In Fred Shearer & Sons, a product vendor was sued for negligence in applying stucco to the exterior of a building and the vendor in turn sought a defense from the product distributor’s insurer on the theory that the vendor was an additional insured under the policy’s “vendors endorsement.” Id. The language of the endorsement provided coverage for vendors as additional insureds only if the vendor sells the distributor’s product in the “regular course of [the vendor’s] business.” Id. The court reasoned that a determination of whether the vendor qualified an additional insured would require the court to analyze whether the vendor sold the product “in the regular course of business.” Id.   The court was concerned that a plaintiff, such as the one in this case, would have had no reason to allege facts in the complaint relevant to this endorsement; moreover facts related to whether the vendor was selling or distributing its product in the regular course of business likely would be irrelevant at trial. Id. The court was concerned that in many cases, facts establishing who is an insured or an additional insured “may or may not be relevant to the merits of the plaintiff’s case in the underlying litigation” and therefore those facts may or may not be plead in the complaint.  Id.  Thus, the court concluded that in order to determine whether a party is an “insured” as a threshold matter, it is permissible to examine extrinsic evidence.
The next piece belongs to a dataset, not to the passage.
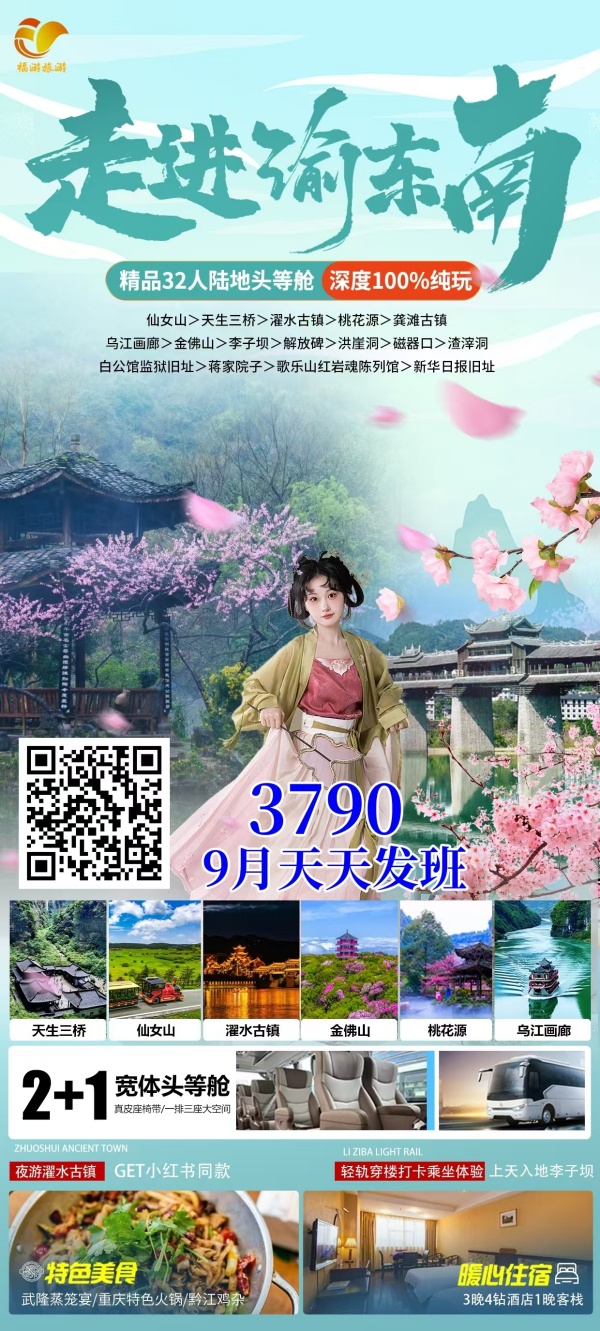 早餐后,乘车前往酉阳。 抵达后游览【桃花源】酉阳桃花源景区现为国家AAAAA旅游景区、国家森林公园,集岩溶地质奇观、秦晋农耕文化、土家民俗文化、自然生态文化于一体,浓缩了中国武陵山区美的原生态自然田园风光,传承着土家族、苗族悠久的人文历史与灿烂的民族文化。是现代人们远离尘世喧嚣、步入秦晋田园、探寻地质奇观、回归绿色天堂的理想旅游目的地。被广泛认为是陶渊明笔下《桃花源记》原型地。 后乘车前往龚滩古镇,船游乌江:【龚滩古镇】“龚滩一梦,情醉千年”,龚滩古镇源自蜀汉,置建于唐,历经 1800 年历史风霜,是吴冠中老先生口中爷爷奶奶的家。特色吊脚楼与碧水乌江构成一幅千里江山图,被誉为“乌江画廊核心景区和璀璨明珠”【乌江画廊】乌江画廊两岸翠绿葱郁,山峦叠嶂,奇峰对峙,各显神姿,奇山、怪石、碧水、险滩、古镇、廊桥、纤道等构成了乌江百里画廊的景观要素,乘坐乌江画舫,便可观赏美不胜收的景致。

The court rejected the insurer’s argument that no defense was owed to the vendor since the four-corners of the complaint exclusively govern the duty to defend and the complaint was insufficient to trigger coverage under the policy. Id. The court acknowledged that under the seminal case on point, Ledford v. Gutoski, courts are required to look only at the complaint and the policy to evaluate the insurer’s duty to defend. 319 Or. 397, 877 P.2d 80 (1994). The court distinguished Ledford from the present case and concluded that reliance only on the policy and the complaint is appropriate to determine whether alleged conduct triggers the policy – which was at issue in Ledford.  In Ledford, unlike in this case, “the court was not concerned with the preliminary question: whether the party seeking coverage was actually an insured within the meaning of the policy.” Id. (emphasis in original). When the threshold matter is determining who is covered by the policy, reviewing extrinsic evidence is appropriate. Id.

 

After finding that the additional insured endorsement applied, the court found two exclusions inapplicable. The court found both exclusions ambiguous and the complaint could be read to allege damage outside the scope of the exclusions.